■ What you are asked to do ■
Transcribe the stretch of entries below from the line with "This is a picture" through the line with "Lilac Ball Gowns", exactly and with both ends included; leave out all other lines.

■ Records shown ■
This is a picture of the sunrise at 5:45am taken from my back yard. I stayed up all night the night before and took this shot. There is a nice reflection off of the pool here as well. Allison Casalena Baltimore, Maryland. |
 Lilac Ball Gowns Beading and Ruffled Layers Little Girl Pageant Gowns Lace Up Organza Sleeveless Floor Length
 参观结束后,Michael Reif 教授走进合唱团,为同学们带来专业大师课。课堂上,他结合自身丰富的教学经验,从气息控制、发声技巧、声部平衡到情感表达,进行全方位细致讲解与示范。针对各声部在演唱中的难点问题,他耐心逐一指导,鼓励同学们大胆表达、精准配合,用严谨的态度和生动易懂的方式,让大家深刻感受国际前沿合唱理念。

* * *

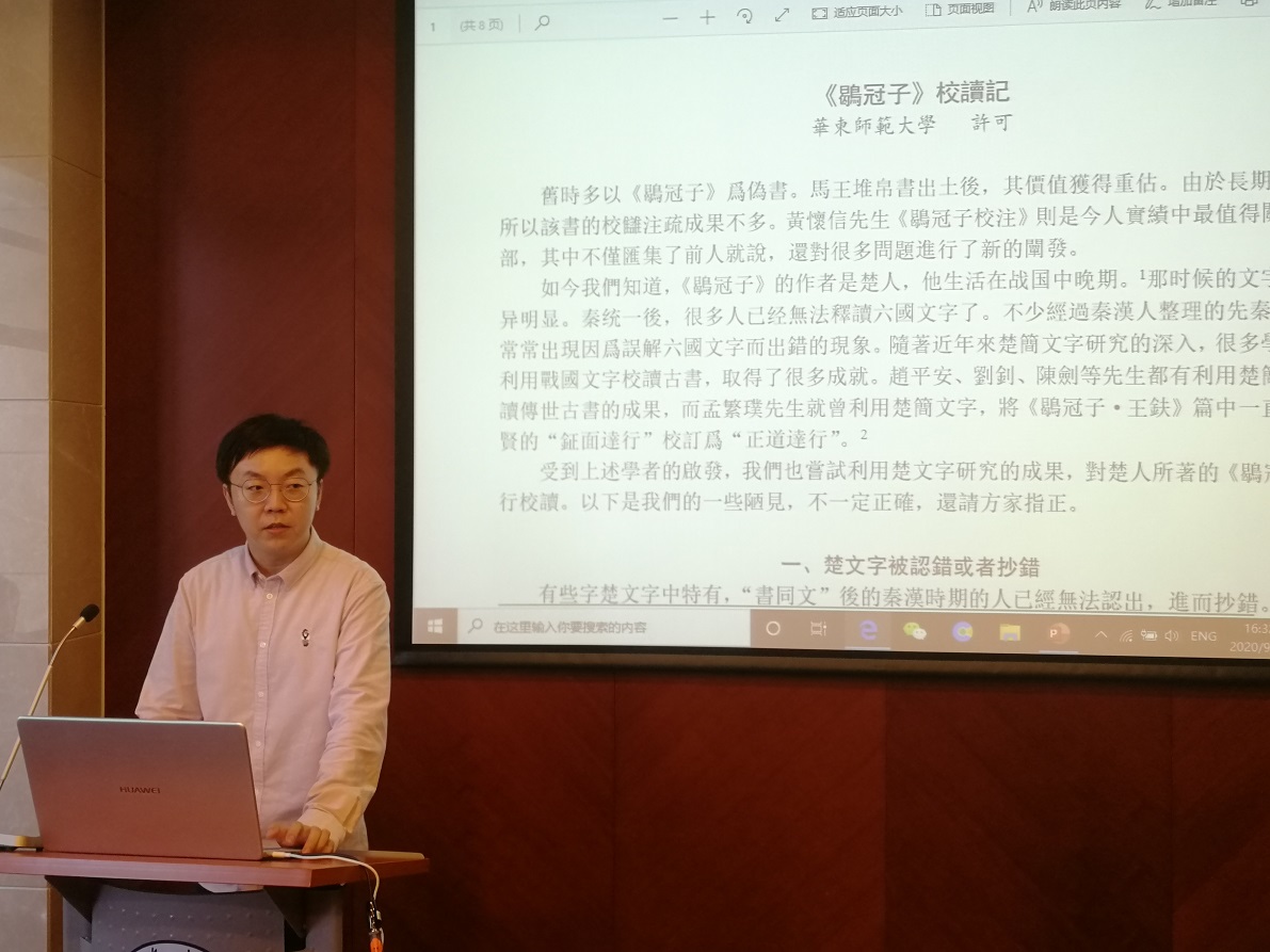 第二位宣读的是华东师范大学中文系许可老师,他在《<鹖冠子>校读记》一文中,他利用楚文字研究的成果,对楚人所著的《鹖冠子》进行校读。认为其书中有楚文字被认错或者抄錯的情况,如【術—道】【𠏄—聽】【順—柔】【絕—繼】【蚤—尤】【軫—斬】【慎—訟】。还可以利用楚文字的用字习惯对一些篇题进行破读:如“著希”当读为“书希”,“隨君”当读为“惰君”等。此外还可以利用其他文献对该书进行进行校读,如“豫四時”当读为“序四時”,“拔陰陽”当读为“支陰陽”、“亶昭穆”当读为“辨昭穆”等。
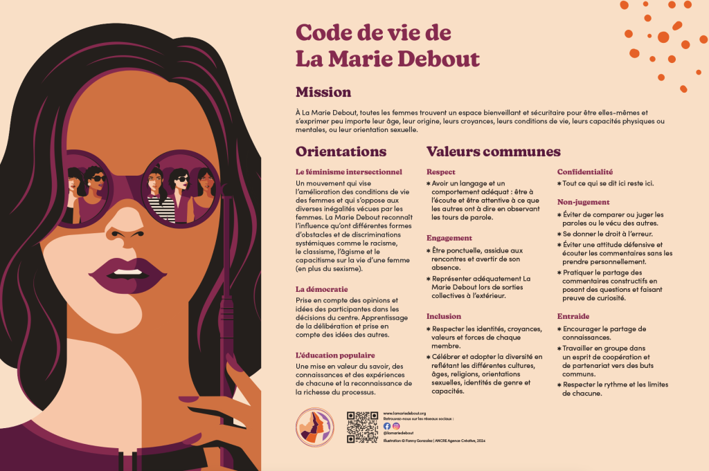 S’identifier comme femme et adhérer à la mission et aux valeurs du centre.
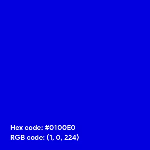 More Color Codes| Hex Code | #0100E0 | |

■ Finished exercise ■
This is a picture of the sunrise at 5:45am taken from my back yard. I stayed up all night the night before and took this shot. There is a nice reflection off of the pool here as well. Allison Casalena Baltimore, Maryland. |
 Lilac Ball Gowns Beading and Ruffled Layers Little Girl Pageant Gowns Lace Up Organza Sleeveless Floor Length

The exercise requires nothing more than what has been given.